I was brought up to accept my ear and by that I don’t mean that I was made to accept it…I’m from a large family—a lot of sisters, and I was never treated any differently to any of them. If their hair was put up and plaited my hair was up and plaited so everybody could see my ear. And I think that was the right thing to do. (Celine, 54, unilateral microtia, hemifacial microsomia, no reconstruction)

You’re not going to be like “Oh my God, I love my ears,” but you will get there eventually…just surround yourself with good friends. Best friends help a lot, you know? Sometimes that’s a bit overlooked. (Otis, 23, bilateral microtia, no reconstruction)

Some participants had grown up without a diagnosis, assuming their ear was just atypically formed; this made discovering microtia a significant experience. Rather than receiving a formal diagnosis, many discovered microtia by chance, for example, searching on the internet for “little ears” or reading an article in the newspaper. Discovering they had microtia was beneficial as it resulted in them finding organizations where they could receive support and meet others with microtia:

I was 38 when I first found out “Oh this is a condition and other people have it!”…that moment of clarity, just knowing that other people have this, and then looking on the internet and getting into group and listening to people talk about it, like other adults and thinking “Oh, I am so not alone here.” (Beth, 43, bilateral microtia, reconstruction)

I went and did one of the [Microtia UK] family days, and it was really nice to meet someone who had the same thing as me and who was my age, because I’ve never had that before…and that really helped. (Maisey, 20, unilateral microtia, reconstruction)

Becoming aware of microtia also enabled participants to learn about their condition and seek information. This made them more comfortable explaining their difference to others and facilitated their search for treatment, support, and advice:

Yeah and just being able to talk to someone and say “Look I am not happy with how I look and I am not happy with my ears.” I’ve had to hide that. I’ve not been allowed to talk about it and that was just…it was a breakthrough moment in my whole life, you know? (Liz, 58, unilateral microtia, no reconstruction).

Some participants reported that making downward comparisons, through appreciating that others live with conditions or health problems that could have a greater impact than microtia, had been helpful in dealing with the condition:

I remember one time, my second operation I had a cast on my head in the…obviously when they took it off, my hair was all greasy, I looked a mess, and I had to leave the hospital that day and I was crying because I looked ugly…we walked past a little baby that was hooked up to monitors and my mum was like “You’re lucky” she was like shouting “There’s nothing wrong with you.” I think that’s when I realized it’s not a massive deal. (Maisey, 20, unilateral microtia, reconstruction)

Lastly, participants reported that focusing on other aspects of their lives (eg, career and family life) had lessened the significance of microtia. Some felt this change had come with age, as appearance became less of a focus:

It was very prominent when I was a kid, you know, a very obvious thing in my life, and as I’ve got older it’s kind of receded into the background…so even though you don’t always completely forget about it, you wouldn’t necessarily want to change it perhaps because it’s contributed to who you are. (Charles, 46, unilateral microtia, no reconstruction)

Discussion

This study specifically focused on qualitatively exploring the experiences of adults with microtia. Despite the challenges microtia had presented over the years, adults in this study did not believe it had had a lasting negative impact on their lives and reported a number of ways in which they had lived well with the condition. Similar to research with adults with other craniofacial (Eiserman, 2001; Hamlet and Harcourt, 2015) and appearance-altering conditions (Egan et al., 2011), interviewees reported that supportive friends and family had helped them to deal with the impact of microtia. Additionally, participants felt the impact of microtia had lessened over time, when other aspects of their lives (eg, career, starting a family) became more salient than their appearance. Nevertheless, these interviews have revealed aspects of living with microtia where support or advice could be beneficial and areas that warrant further research.
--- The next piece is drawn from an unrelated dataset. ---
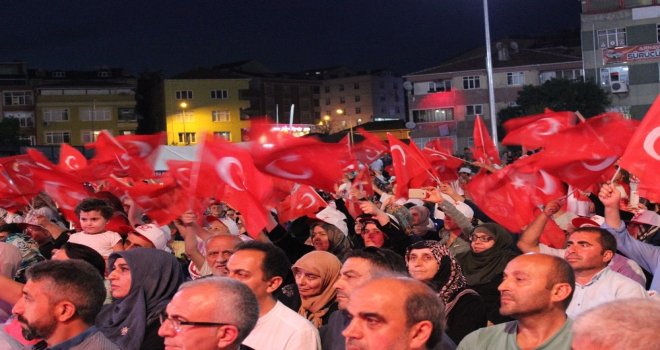 Sahneye çıkan 15 Temmuz gazileri o gece yaşadıklarını, o anki hislerini anlattı. Gazilerden biri gözleri dolarak vatandaşlara, Siz vardınız, biz de varolduk. Allah razı olsun” dedi.

The offer of surgery was welcome, although deciding to have reconstruction was challenging for some who struggled with the notion of surgery for what they considered to be aesthetic reasons. Some reported not feeling sufficiently informed about the procedure and concerns about not being able to conceal their ears with their hair during the postsurgical healing process. Those who underwent surgery reported both intrapersonal (eg, increasing self-confidence) and behavioral motivations (being able to wear glasses and earrings). Most participants did not explicitly report dissatisfaction with the outcome of their surgery, yet many continued to hide their ears with their hair and expressed ongoing anxiety about revealing them. This suggests that those who undergo ear reconstruction may struggle to overcome existing confidence issues and that surgery is not necessarily a “quick fix” or remedy. The fear of being judged negatively by others is often found in individuals with visible differences, whether or not the difference can be concealed (Newell and Marks, 2000; Sharratt et al., 2018). In addition, concealing ears with hair appeared to be an ingrained coping mechanism that had been performed for many years to avoid unwanted attention and may have been hard to eradicate, despite being satisfied with reconstruction. It is possible that undergoing ear reconstruction in childhood might have prevented this. Alternatively this behavior may suggest that participants’ aesthetic expectations for their ear were unmet. While they did not explicitly report this, they may have felt uncomfortable expressing dissatisfaction with the surgery during the interview, perhaps because they felt pleased at finally receiving treatment and did not want to appear ungrateful.

These findings highlight the importance of considering each patients’ goals and motivations for ear reconstruction and for clinicians to establish whether their expectations of surgery are realistic. Engaging patients in shared decision-making requires providing them with information that meets their individual needs and understands their motivations, as well as expectations for postsurgical aesthetic and functional outcomes. Interventions which aim to support the consideration of patients’ expectations and goals within shared decision-making about surgery might be useful to develop in this context. Additionally, as concerns about appearance were reported across the lifespan, individuals with microtia may benefit from access to psychosocial interventions specific to visible difference, for example, Face IT for adults (Bessell et al., 2012) or YP Face IT for young people (Williamson et al., 2015), which are online interventions providing support, advice, and strategies for those with appearance-related distress.

In addition to struggling to adjust to their new appearance, some participants vividly recalled their experiences of seeing their reconstructed ear for the first time. This highlights the importance of exploring patient motivations for surgery in preoperative consultations, in conjunction with highlighting the possibility that their aesthetic expectations may not be met (Aspinall, 2010). In addition, emotional support at this point in the patient’s reconstructive journey should be provided.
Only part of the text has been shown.